** Opening DATA SUPPLIED block **

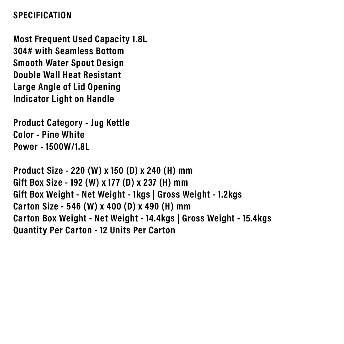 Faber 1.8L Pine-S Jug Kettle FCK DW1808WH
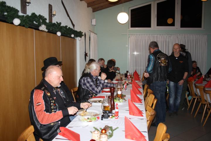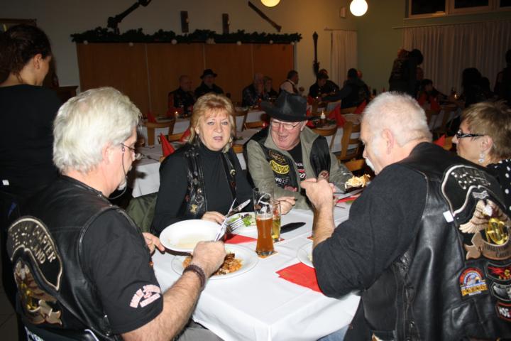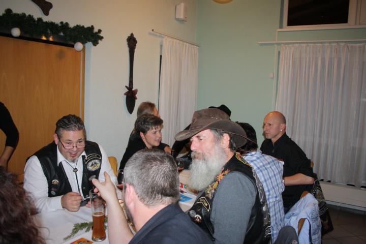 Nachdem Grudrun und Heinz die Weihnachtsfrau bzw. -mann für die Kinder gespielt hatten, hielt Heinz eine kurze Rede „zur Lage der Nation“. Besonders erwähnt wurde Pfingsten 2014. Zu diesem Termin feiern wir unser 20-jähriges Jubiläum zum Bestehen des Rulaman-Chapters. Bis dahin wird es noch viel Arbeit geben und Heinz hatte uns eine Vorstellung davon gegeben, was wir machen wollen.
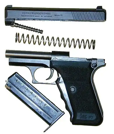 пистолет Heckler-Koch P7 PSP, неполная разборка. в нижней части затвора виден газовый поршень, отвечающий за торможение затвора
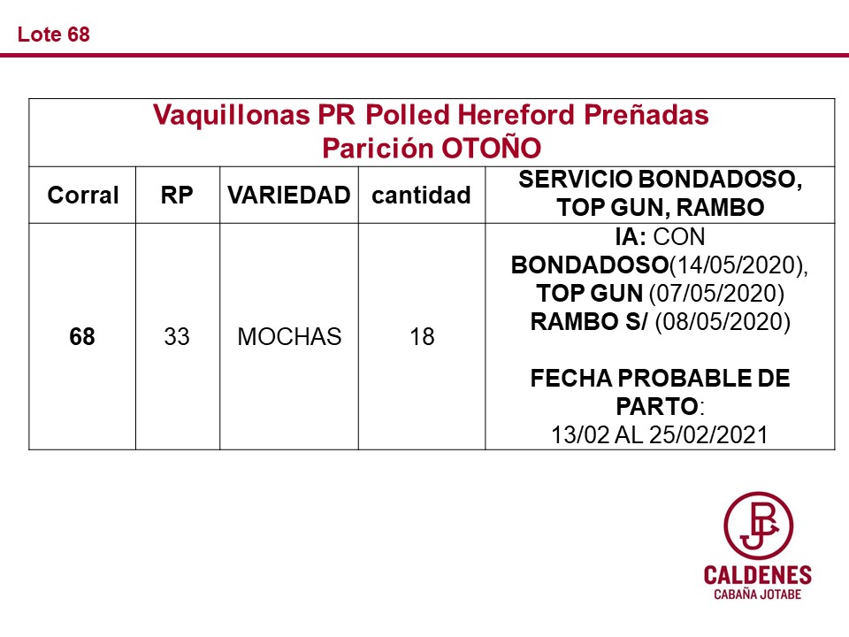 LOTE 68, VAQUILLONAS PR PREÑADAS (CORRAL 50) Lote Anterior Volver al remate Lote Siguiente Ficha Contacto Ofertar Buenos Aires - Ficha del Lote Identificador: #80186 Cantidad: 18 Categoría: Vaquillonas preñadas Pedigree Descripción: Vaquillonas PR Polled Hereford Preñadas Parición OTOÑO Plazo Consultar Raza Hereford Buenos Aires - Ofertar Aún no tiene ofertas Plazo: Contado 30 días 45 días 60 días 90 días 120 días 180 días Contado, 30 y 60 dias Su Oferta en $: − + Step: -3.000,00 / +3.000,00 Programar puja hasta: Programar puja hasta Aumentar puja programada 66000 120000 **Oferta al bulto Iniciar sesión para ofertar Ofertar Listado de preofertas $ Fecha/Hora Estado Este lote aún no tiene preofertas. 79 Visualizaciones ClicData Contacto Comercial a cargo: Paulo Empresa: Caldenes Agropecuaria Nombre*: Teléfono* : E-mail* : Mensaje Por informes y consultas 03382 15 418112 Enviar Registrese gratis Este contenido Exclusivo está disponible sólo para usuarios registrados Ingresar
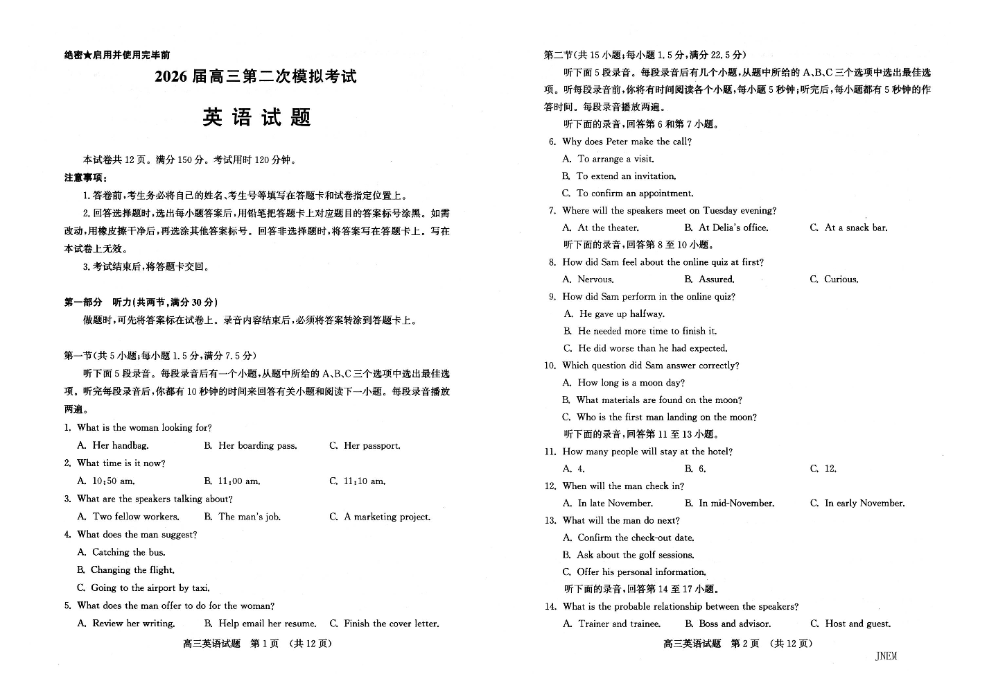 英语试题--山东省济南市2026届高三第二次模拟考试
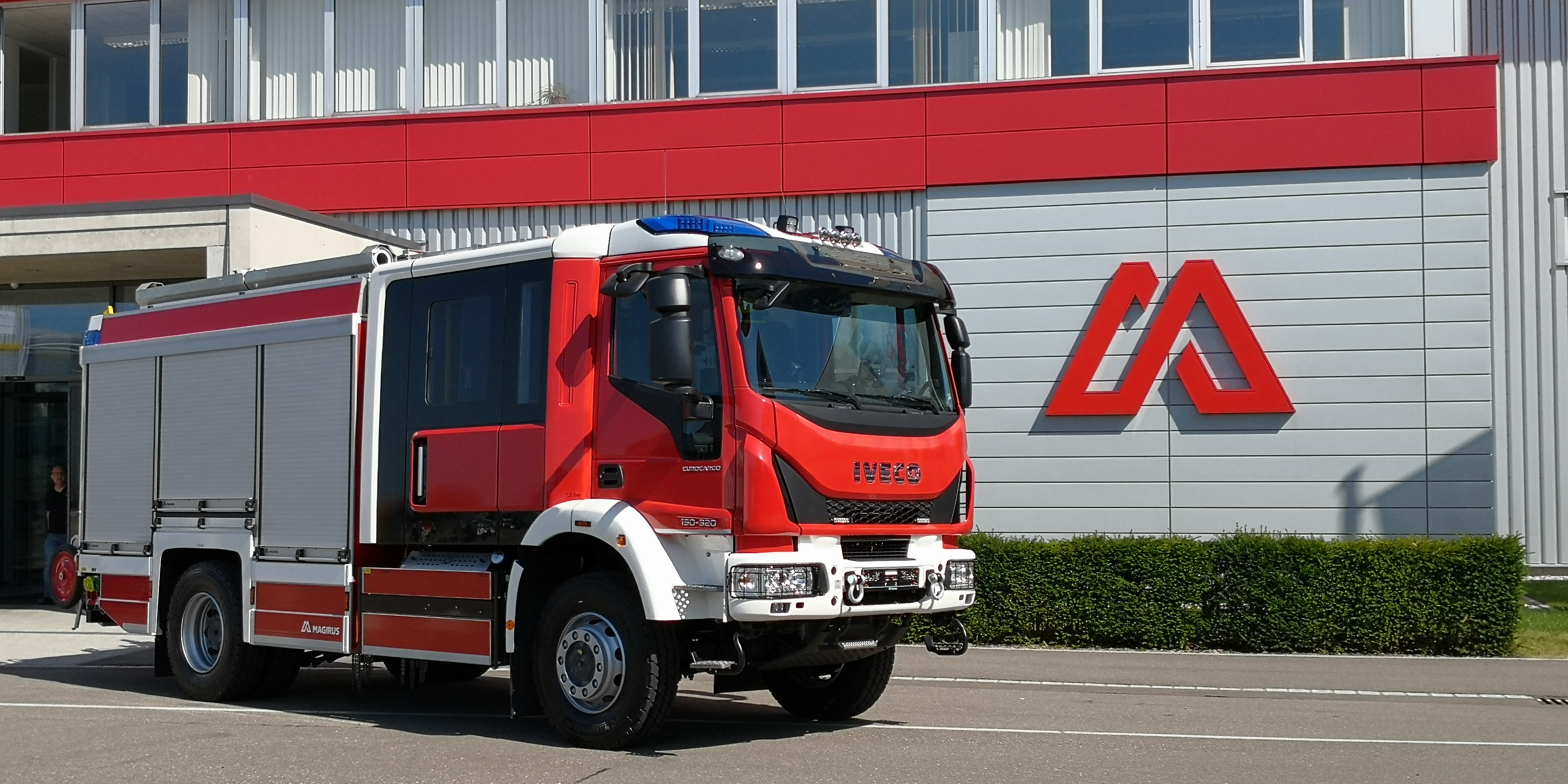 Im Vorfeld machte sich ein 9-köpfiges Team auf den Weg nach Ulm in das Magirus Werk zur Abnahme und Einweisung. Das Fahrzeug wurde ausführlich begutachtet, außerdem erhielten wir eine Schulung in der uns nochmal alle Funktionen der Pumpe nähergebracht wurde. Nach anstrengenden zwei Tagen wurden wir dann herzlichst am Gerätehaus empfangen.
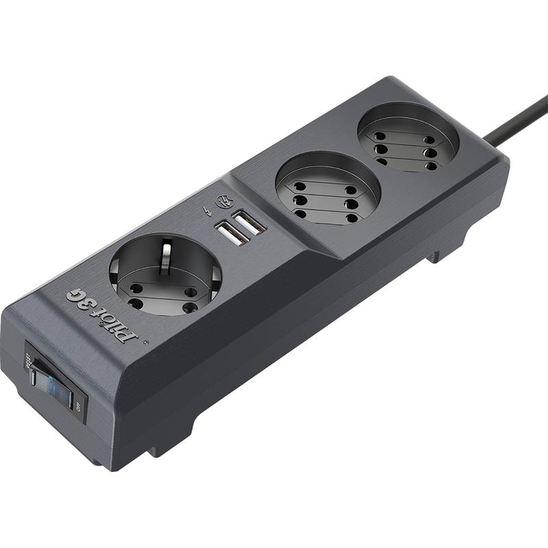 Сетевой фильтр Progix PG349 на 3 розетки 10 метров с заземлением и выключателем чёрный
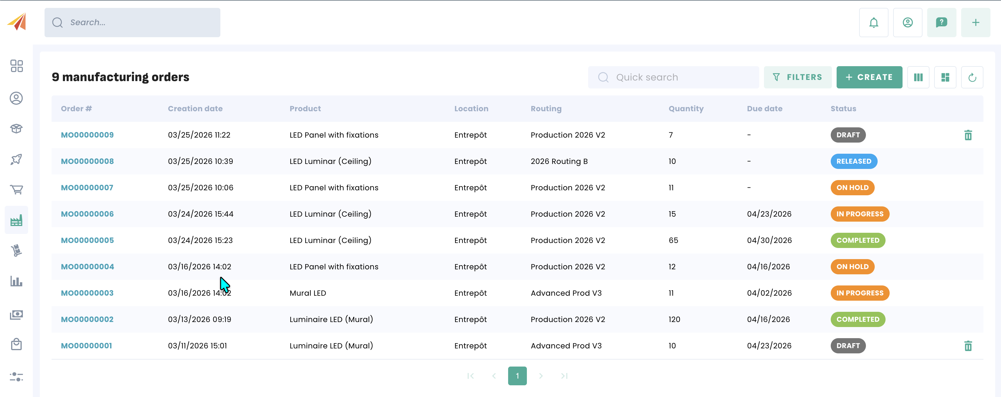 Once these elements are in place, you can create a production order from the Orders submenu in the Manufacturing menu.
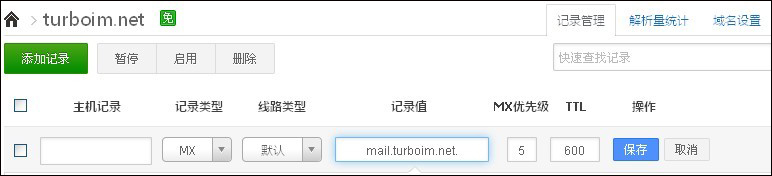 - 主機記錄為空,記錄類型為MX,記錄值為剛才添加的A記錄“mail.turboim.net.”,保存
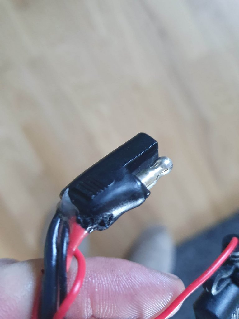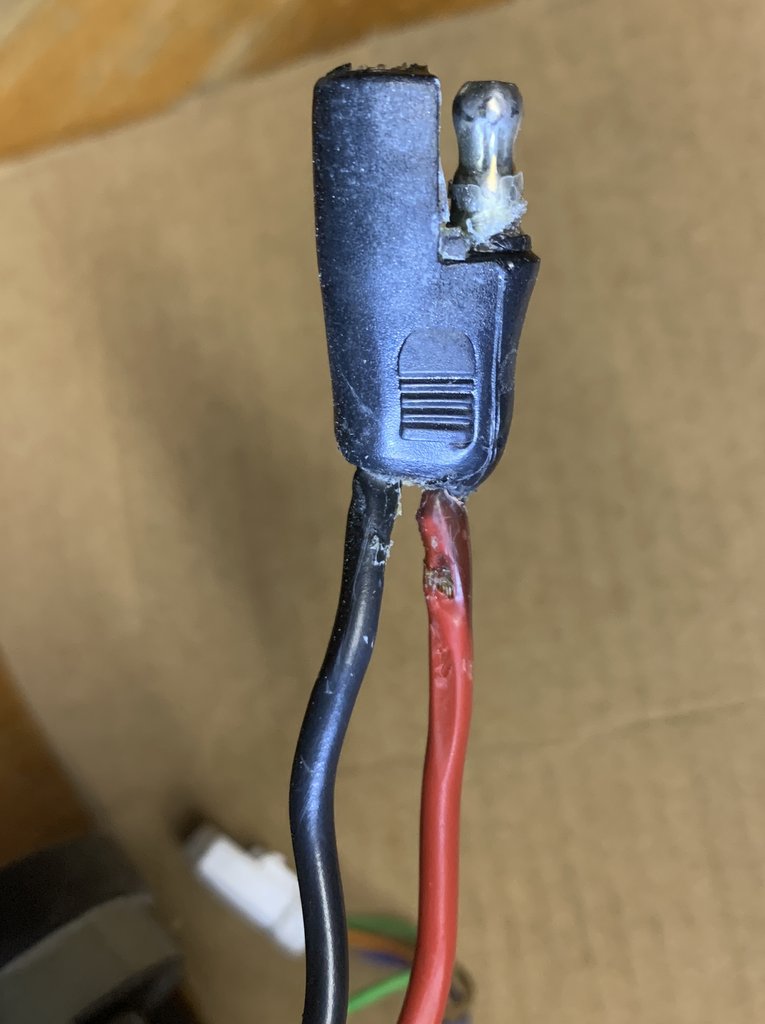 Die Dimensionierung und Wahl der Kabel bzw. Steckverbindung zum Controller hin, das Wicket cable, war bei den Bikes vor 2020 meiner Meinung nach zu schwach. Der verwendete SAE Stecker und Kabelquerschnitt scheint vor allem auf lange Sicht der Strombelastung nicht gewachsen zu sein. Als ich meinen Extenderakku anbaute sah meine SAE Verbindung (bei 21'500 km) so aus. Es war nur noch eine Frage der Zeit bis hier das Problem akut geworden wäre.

** Closing DATA SUPPLIED block **

■ THE PROBLEM ■
What is needed is a word-for-word copy of the data, minus its pictures.

■ RESPONSE TO THIS EXERCISE ■
 Faber 1.8L Pine-S Jug Kettle FCK DW1808WH
 Nachdem Grudrun und Heinz die Weihnachtsfrau bzw. -mann für die Kinder gespielt hatten, hielt Heinz eine kurze Rede „zur Lage der Nation“. Besonders erwähnt wurde Pfingsten 2014. Zu diesem Termin feiern wir unser 20-jähriges Jubiläum zum Bestehen des Rulaman-Chapters. Bis dahin wird es noch viel Arbeit geben und Heinz hatte uns eine Vorstellung davon gegeben, was wir machen wollen.
 пистолет Heckler-Koch P7 PSP, неполная разборка. в нижней части затвора виден газовый поршень, отвечающий за торможение затвора
 LOTE 68, VAQUILLONAS PR PREÑADAS (CORRAL 50) Lote Anterior Volver al remate Lote Siguiente Ficha Contacto Ofertar Buenos Aires - Ficha del Lote Identificador: #80186 Cantidad: 18 Categoría: Vaquillonas preñadas Pedigree Descripción: Vaquillonas PR Polled Hereford Preñadas Parición OTOÑO Plazo Consultar Raza Hereford Buenos Aires - Ofertar Aún no tiene ofertas Plazo: Contado 30 días 45 días 60 días 90 días 120 días 180 días Contado, 30 y 60 dias Su Oferta en $: − + Step: -3.000,00 / +3.000,00 Programar puja hasta: Programar puja hasta Aumentar puja programada 66000 120000 **Oferta al bulto Iniciar sesión para ofertar Ofertar Listado de preofertas $ Fecha/Hora Estado Este lote aún no tiene preofertas. 79 Visualizaciones ClicData Contacto Comercial a cargo: Paulo Empresa: Caldenes Agropecuaria Nombre*: Teléfono* : E-mail* : Mensaje Por informes y consultas 03382 15 418112 Enviar Registrese gratis Este contenido Exclusivo está disponible sólo para usuarios registrados Ingresar
 英语试题--山东省济南市2026届高三第二次模拟考试
 Im Vorfeld machte sich ein 9-köpfiges Team auf den Weg nach Ulm in das Magirus Werk zur Abnahme und Einweisung. Das Fahrzeug wurde ausführlich begutachtet, außerdem erhielten wir eine Schulung in der uns nochmal alle Funktionen der Pumpe nähergebracht wurde. Nach anstrengenden zwei Tagen wurden wir dann herzlichst am Gerätehaus empfangen.
 Сетевой фильтр Progix PG349 на 3 розетки 10 метров с заземлением и выключателем чёрный
 Once these elements are in place, you can create a production order from the Orders submenu in the Manufacturing menu.
 - 主機記錄為空,記錄類型為MX,記錄值為剛才添加的A記錄“mail.turboim.net.”,保存
 Die Dimensionierung und Wahl der Kabel bzw. Steckverbindung zum Controller hin, das Wicket cable, war bei den Bikes vor 2020 meiner Meinung nach zu schwach. Der verwendete SAE Stecker und Kabelquerschnitt scheint vor allem auf lange Sicht der Strombelastung nicht gewachsen zu sein. Als ich meinen Extenderakku anbaute sah meine SAE Verbindung (bei 21'500 km) so aus. Es war nur noch eine Frage der Zeit bis hier das Problem akut geworden wäre.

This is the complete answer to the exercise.